┌────────

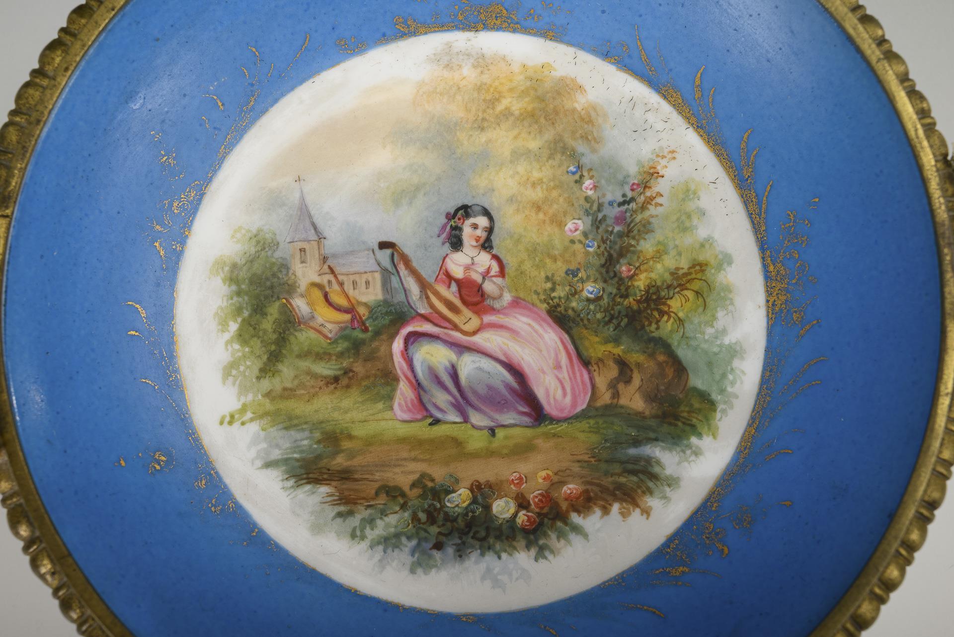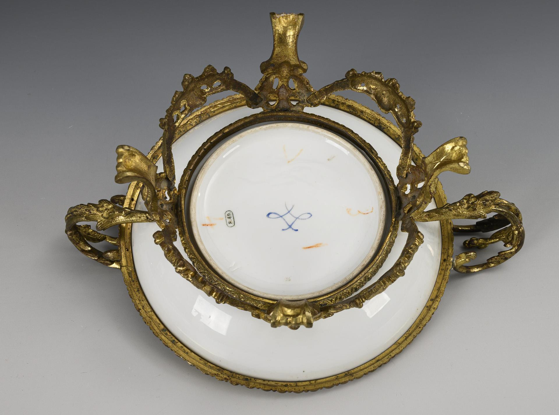 Bowl with a blue base band, the mirror depicting a Biedermeier lady sitting in a landscape with a guitar. Bowl set in a bronze mount (hallmarked "R G") with scrolled leaf handles, flower festoons and four feet. Gold rubbed, bronze regilded?
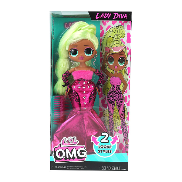 Леди Дива привлекает внимание своими длинными светлыми волосами и яркими сценическими образами. В набор входит сразу два наряда: с элегантной юбкой и меховым топом и с розовыми леопардовыми брюками. Дополняют костюмы длинные перчатки, розовые туфли на высоком каблуке и солнцезащитные очки. Держать прическу в порядке поможет миниатюрный гребешок.
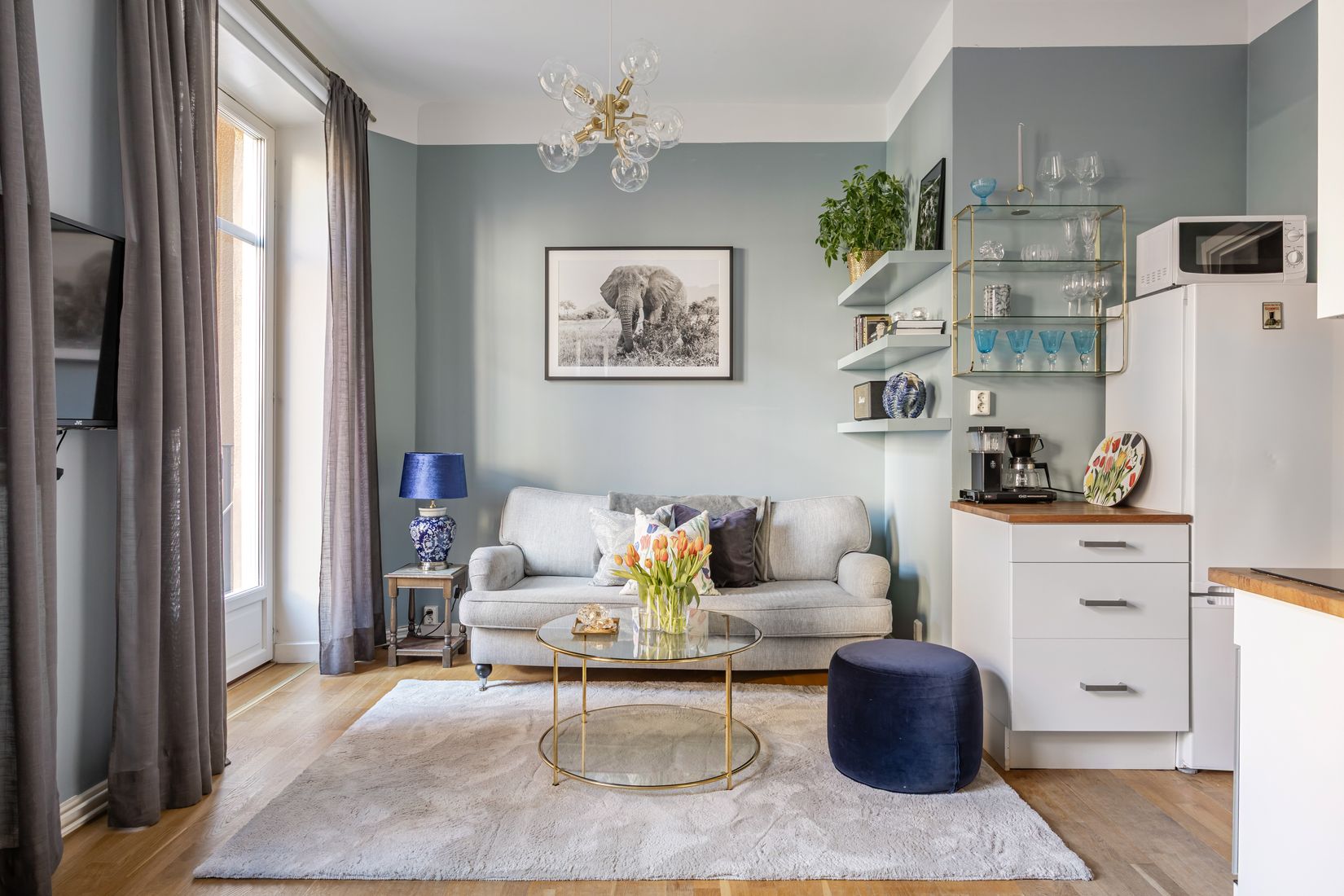 Lägenheten erbjuder ett trivsamt och lättmöblerat boende med ett fullt utrustat kök centrerat i bostaden samt ett fint ljusinsläpp från fönster i fil med utsikt mot innergård. Badrummet är helkaklat och sängen placerar du med enkelhet i sovalkoven. Balkongen blir en naturlig förlängning av vardagsrummet och ger en extra dimension av ljusinsläpp.
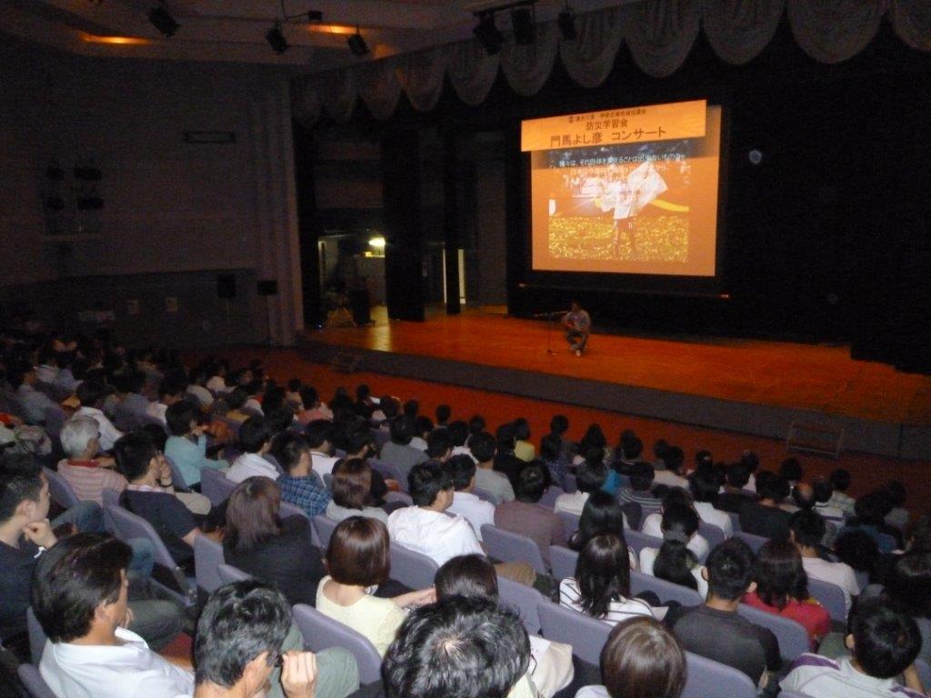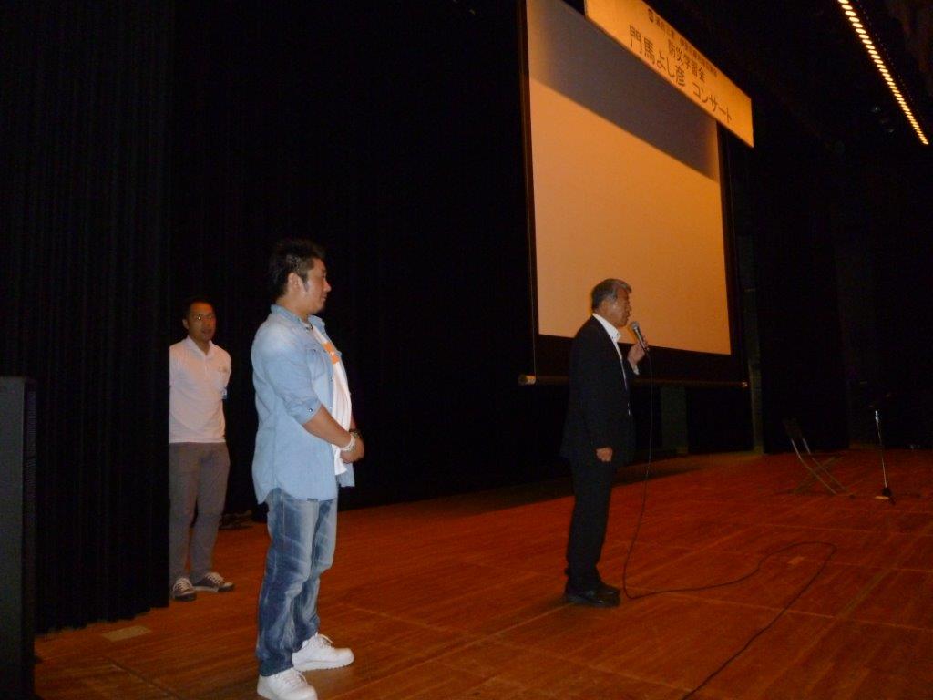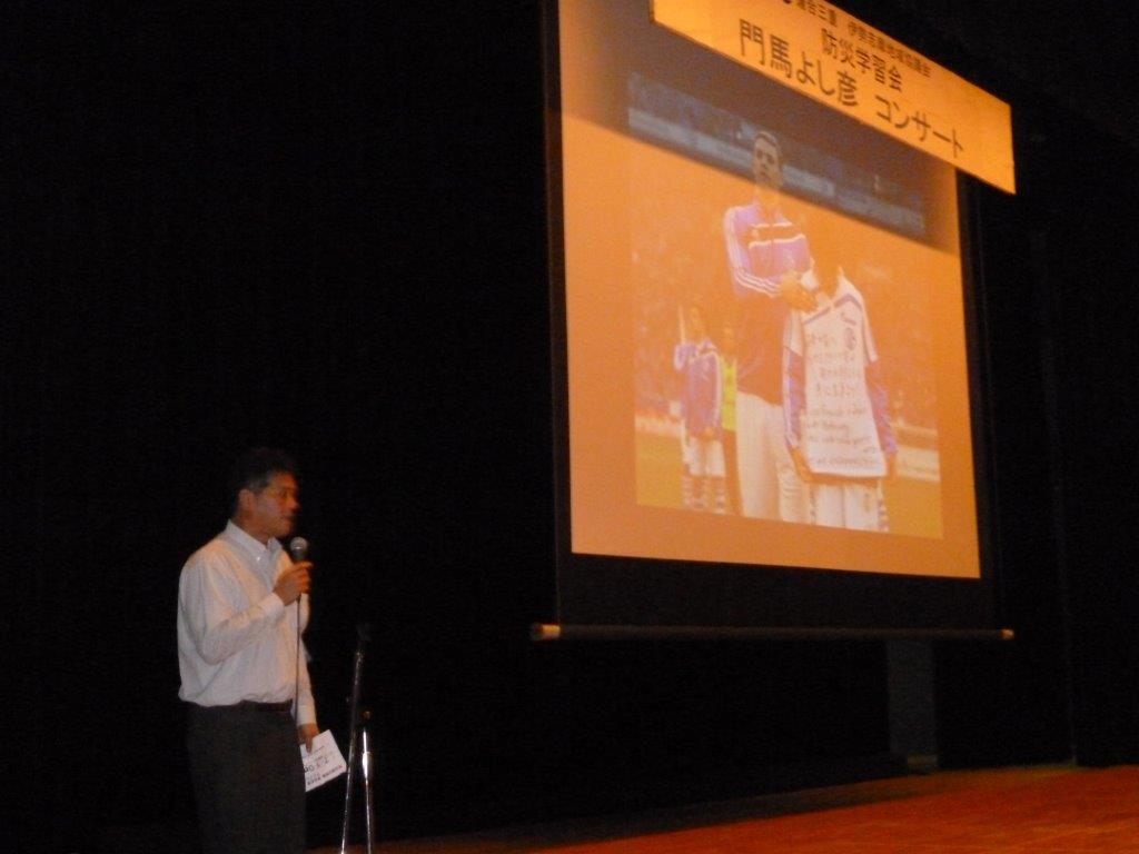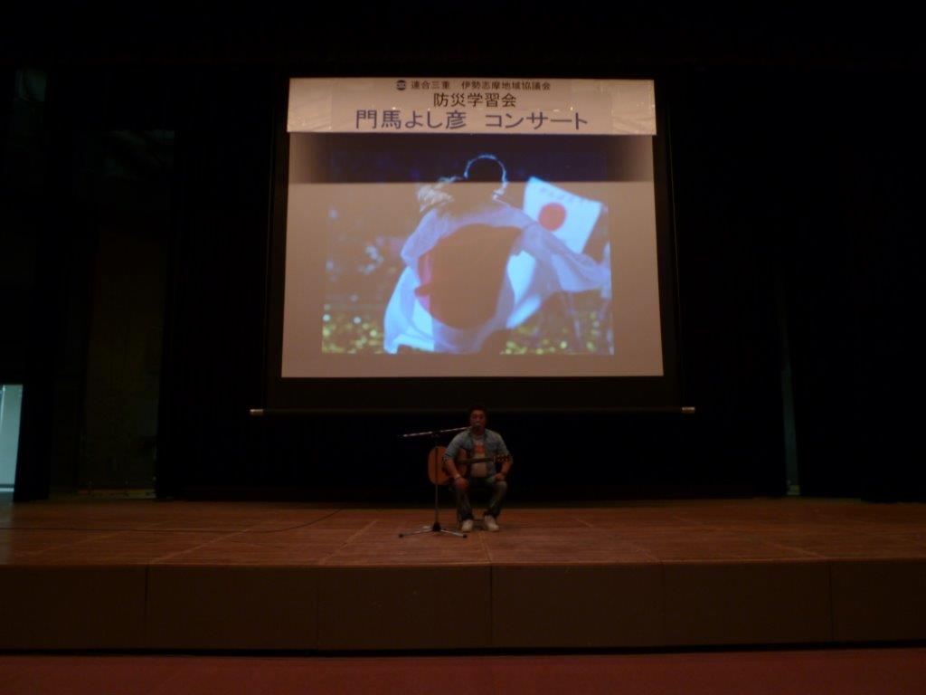 例年、講演を中心とした防災学習会を開催していましたが、今年は東日本大震 災の被災地である福島県浪江町出身のシンガーソングライター、門馬よし彦氏を招いて「防災減災啓発・東北支援ライブコンサート」を開催しました。会場の伊 勢市ハートプラザみそのには、地協構成組織から280名とたくさんの方にお集まりいただきました。コンサートでは、オリジナル曲やカバー曲を熱唱していた だき、トークタイムでは被災地の現状などについて、門馬さんご自身の体験を織り交ぜながら語っていただきました。

└────────

## TASK DIRECTIONS
Please reproduce each line of the listing above exactly, skipping pictures.

## YOUR SOLUTION
 Bowl with a blue base band, the mirror depicting a Biedermeier lady sitting in a landscape with a guitar. Bowl set in a bronze mount (hallmarked "R G") with scrolled leaf handles, flower festoons and four feet. Gold rubbed, bronze regilded?
 Леди Дива привлекает внимание своими длинными светлыми волосами и яркими сценическими образами. В набор входит сразу два наряда: с элегантной юбкой и меховым топом и с розовыми леопардовыми брюками. Дополняют костюмы длинные перчатки, розовые туфли на высоком каблуке и солнцезащитные очки. Держать прическу в порядке поможет миниатюрный гребешок.
 Lägenheten erbjuder ett trivsamt och lättmöblerat boende med ett fullt utrustat kök centrerat i bostaden samt ett fint ljusinsläpp från fönster i fil med utsikt mot innergård. Badrummet är helkaklat och sängen placerar du med enkelhet i sovalkoven. Balkongen blir en naturlig förlängning av vardagsrummet och ger en extra dimension av ljusinsläpp.
 例年、講演を中心とした防災学習会を開催していましたが、今年は東日本大震 災の被災地である福島県浪江町出身のシンガーソングライター、門馬よし彦氏を招いて「防災減災啓発・東北支援ライブコンサート」を開催しました。会場の伊 勢市ハートプラザみそのには、地協構成組織から280名とたくさんの方にお集まりいただきました。コンサートでは、オリジナル曲やカバー曲を熱唱していた だき、トークタイムでは被災地の現状などについて、門馬さんご自身の体験を織り交ぜながら語っていただきました。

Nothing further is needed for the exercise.